Maggie Townsend and Allison Radermacher have met only once in person, but they consider themselves "library besties."
The two library media specialists talk to each other frequently online, whether it's at a Google Hangout video meetup or via Twitter, where they act as moderators of a biweekly chat known as "#NDlibchat."
Throughout the country and in North Dakota, educators are flocking to Twitter to share ideas.
"It's kind of like throwing a party," said Townsend, who works at Legacy High School in Bismarck.
Here's how it works: Twice a month on Sunday nights, librarians throughout the state sit in front of their computers. When 9 p.m. rolls around, either Townsend or Radermacher, who works at Ellendale Public School, starts the chat with a tweet like this:
Each chat hits on a different topic. One recent session focused on the new Common Core standards used in math and English classrooms.

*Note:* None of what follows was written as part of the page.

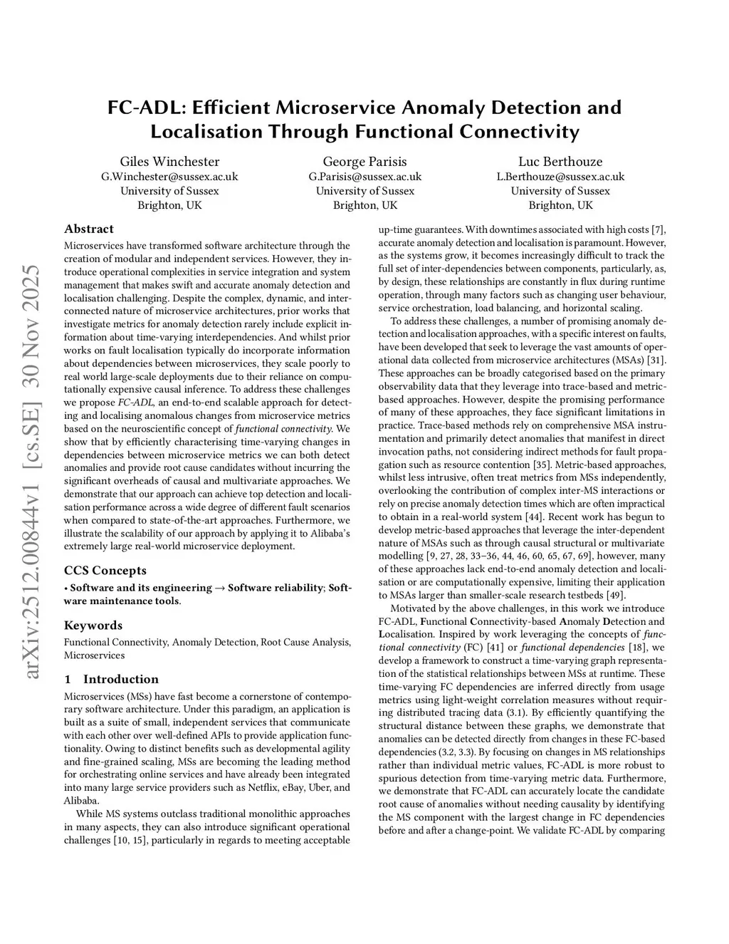 FC-ADL: Efficient Microservice Anomaly Detection and Localisation Through Functional Connectivity

Once participants introduce themselves, the moderator poses a question:
Participants then sound off, each sending out tweets using the appropriate hashtag.

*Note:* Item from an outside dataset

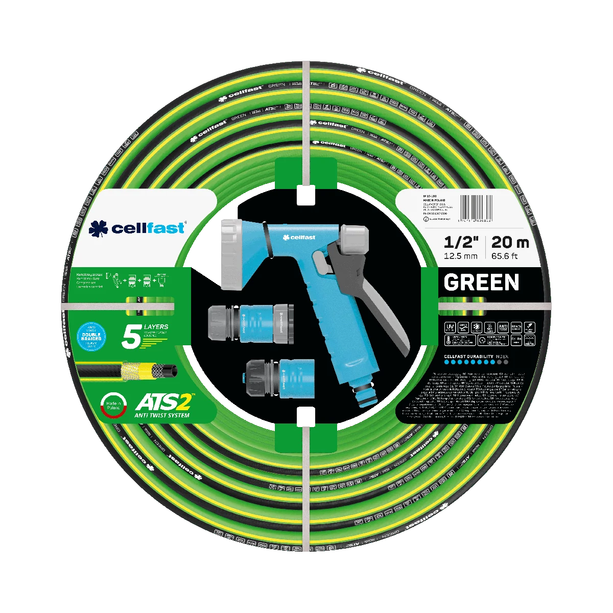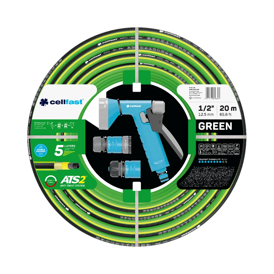 CELLFAST Locsolótömlő 5 Rétegű GREEN SET 1/2" 20 m

Typing #NDlibchat at the end of a tweet flags that post so everyone following the chat sees it.
Other education chats follow a similar style. There's a statewide #NDedchat once a week that attracts teachers and administrators throughout North Dakota. And within Bismarck Public Schools, educators recently began using the #learnBPS hashtag.
Bismarck educators began using that hashtag last spring as a way to promote what is happening within the district.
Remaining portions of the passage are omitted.